In order to ensure the relative position of the ceramic core 3 and the appearance in the module, at least three ceramic core fulcrums 3 are arranged at the inner cavity part of the module, and the plurality of ceramic core fulcrums 3 are required to ensure that the degree of freedom of the ceramic core 2 in a three-dimensional space is zero. The mounting mode of the ceramic core supporting point 3 can be that when a module is manufactured, a clamping hole is preset at the position where the ceramic core supporting point 3 needs to be placed, and the ceramic core supporting point 3 is clamped in the clamping hole to be fixed.

In order to improve the positioning accuracy of the ceramic core 2, the ceramic core fulcrums 3 are distributed in three directions of the module 1, wherein the fulcrums in the direction X are located on two cutting surfaces at two ends of the module, the module at each end is provided with 2 fulcrums, the fulcrums in the direction Y are located on the surface of an inner cavity of the module, the air inlet side is provided with 2 fulcrums, the middle part of the air exhaust side is provided with 1 fulcrum, and the fulcrum in the direction Z is located at the position of the ceramic core cross section or a round hole and is provided with 1. Wherein direction X, Y, Z is as indicated by the labels in fig. 2 and 4.

The specific assembling process of the module and the ceramic core is as follows: as shown in fig. 2-5, the first module 11 is fixed by plasticine to prevent shaking, then the ceramic core 2 is placed in the first module 11 and is close to the ceramic core fulcrum 3 without a gap to realize positioning, and finally softened paraffin is adopted to perform multi-point adhesion and fixation on the edges of the first module 11 and the ceramic core 2. And after the ceramic core 2 is installed, assembling the second module 12, after the assembly of the module and the ceramic core 2 is completed, performing multi-point bonding on the edge of a parting surface by adopting softened paraffin, and brushing and repairing the parting gap and the ceramic core end gap by adopting the paraffin in the phase of investment dressing so as to ensure that the surface of the investment is smooth and flat.

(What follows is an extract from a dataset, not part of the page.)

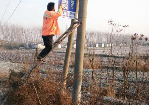 12月28日上午,宝应路政巡查人员在S264东大线巡查中发现公路路肩上有一块内容为“扬州京城皮肤病医院”的广告牌。路政人员一面根据广告牌上的电话联系当事人,告知其《公路法》第五十四条规定任何单位和个人未经县级以上地方人民政府交通主管部门批准,不得在公路用地范围内设置公路标志以外的其他标志。另一面组织人员对此广告牌进行了清除。
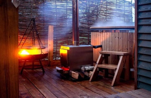 You have your own space, hot tub and fire pit and there is also a communal fire pit if you’d prefer to use that.

Further, in order to correspond with ceramic core fulcrum 3, when carrying out the equipment of module and ceramic core 2, arrange ceramic core 2 in first module 11 on the back, respectively with 2 fulcrums of the last air side of

first module

11, 1 fulcrum of direction of height, and 4 fulcrums of end cutting plane lean on tightly, it is fixed to adopt softened paraffin to carry out the multiple spot adhesion

first module

11 and 2 edges of ceramic core, then close second module 12 and the module of fixed ceramic core 2, reserve location pinhole 4 on passing the module with the pin of 3 at least diameters 1 ~ 3mm, align two modules well, it is fixed to carry out the multiple spot adhesion to the module edge after merging afterwards. And finally, before the investment is trimmed, the pins are taken down, and then the softened paraffin is used for brushing, repairing and polishing the investment.

The invention combines the rapid forming and the investment casting, solves the problem that the complex cavity blade can not be manufactured by the rapid forming, saves the cycle and the cost of the die design and the manufacture, is very suitable for new product development and small batch production, and has good practicability and application prospect.

Claims

1. Manufacturing an investment pattern with a complex cavity blade, which is characterized in that: the ceramic core fixing device comprises a model (1) and a ceramic core (2) located in the model (1), wherein the model (1) is divided into two or more sections of modules along a parting surface, a plurality of ceramic core fulcrums (3) and positioning pin holes (4) are arranged in the model (1), the ceramic core (2) takes the ceramic core fulcrums (3) as positioning points and is fixed in the model (1) through softening paraffin in a multi-point adhesion mode, and the modules of the model (1) are also fixed through softening paraffin in a multi-point adhesion mode.

2. The pattern for making a blade with a complex cavity of claim 1 wherein: the ceramic core fulcrums (3) are distributed in three directions of the module, wherein the fulcrums in the direction X are located on the section planes at two ends of the module, the module at each end is provided with 2 fulcrums, the fulcrums in the direction Y are located on the surface of an inner cavity of the module, 2 fulcrums are arranged on the air inlet side of the module, 1 fulcrum is arranged in the middle of the air outlet side, and the fulcrum in the direction Z is located on the position of the cross section or the round hole of the ceramic core and is provided with 1 fulcrum.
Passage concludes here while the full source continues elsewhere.